In the context of purchasing and maintaining a property at this level, the financial impact is relatively modest. However, it raises some important questions:
- How will all properties above £2 million be valued?
- If the government relies on recent sales data, we may start to see an interesting trend with properties marketed and sold for £1,999,000 rather than £2,000,000.
- Looking further ahead, might we start to see bands of buyer interest forming around key thresholds – for example, up to £2 million, £2.5 million, £3.5 million and above £5 million – where the higher annual charges begin to kick in?
We are certainly going to be asked by sellers whether the mansion tax banding is going to affect the value and marketability of their houses.

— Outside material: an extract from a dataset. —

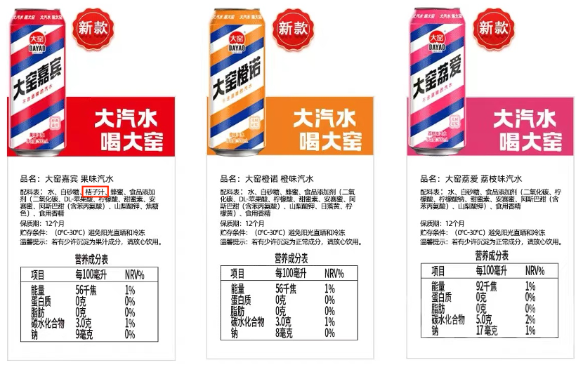 两者相同规格单价相近,且新款大窑嘉宾果味汽水配方较之前添加了果汁。
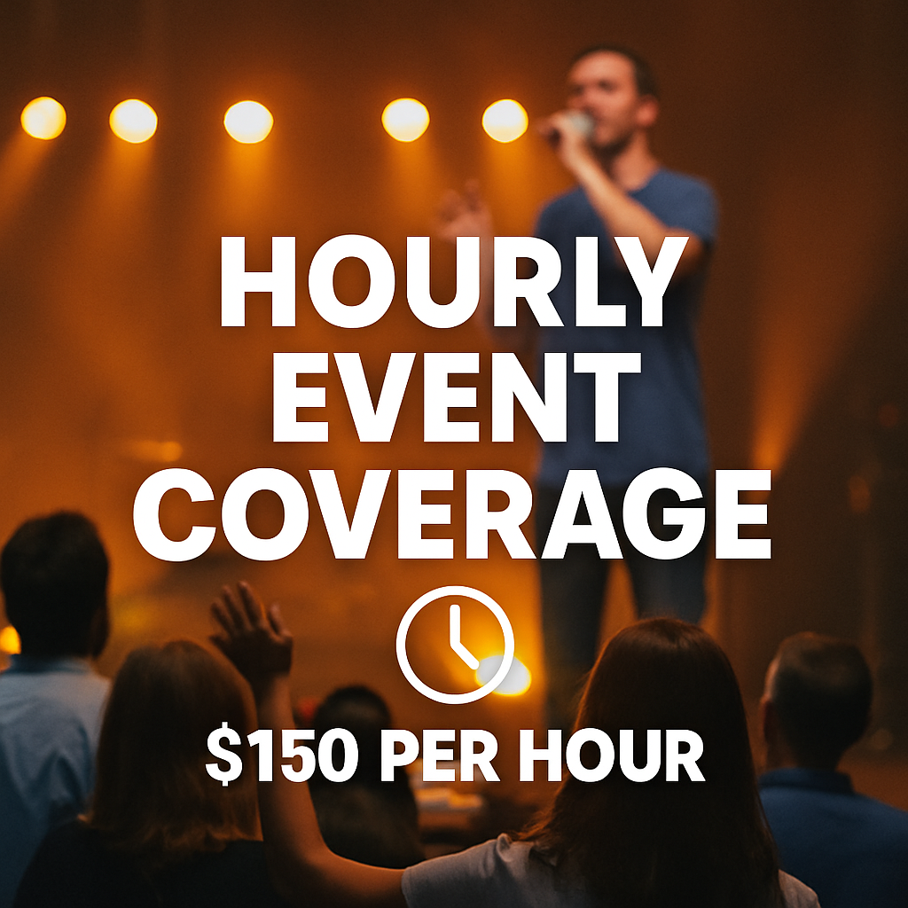 Need just a little video magic? This flexible hourly option is perfect for quick events, ribbon cuttings, vendor spotlights, or last-minute media support.

2. Increase to Income Tax on Property and Savings Income
The Chancellor has also announced a 2-percentage-point increase in both the basic and higher rates of tax on property and savings income from April 2027. While not dramatic, this change adds further pressure on landlords and property investors, who are already bracing for reforms proposed under the Renters’ Rights Act 2025. Landlords will face an extra 2% income tax on rental income, alongside the wider effects of the Renters’ Rights Act – not a very palatable combination for them. As a result, we may see more former rental properties coming onto the sales market.
Market Outlook
General reactions, in addition to the welcome end of speculation, appear to be more positive than negative for the housing market, largely because the outcome was not as severe as many had feared. There is disappointment that the Chancellor did nothing about stamp duty, but clear relief that there were no changes to CGT for Principal Private Residences.
Although today’s Budget may not be embraced by higher-rate taxpayers or owners of high-value homes, the measures announced are less severe than expected. This should help restore confidence and stability in the housing market. We expect activity to pick up through early December, leading to a more decisive and active marketplace as we move into the new year and on into Spring 2026.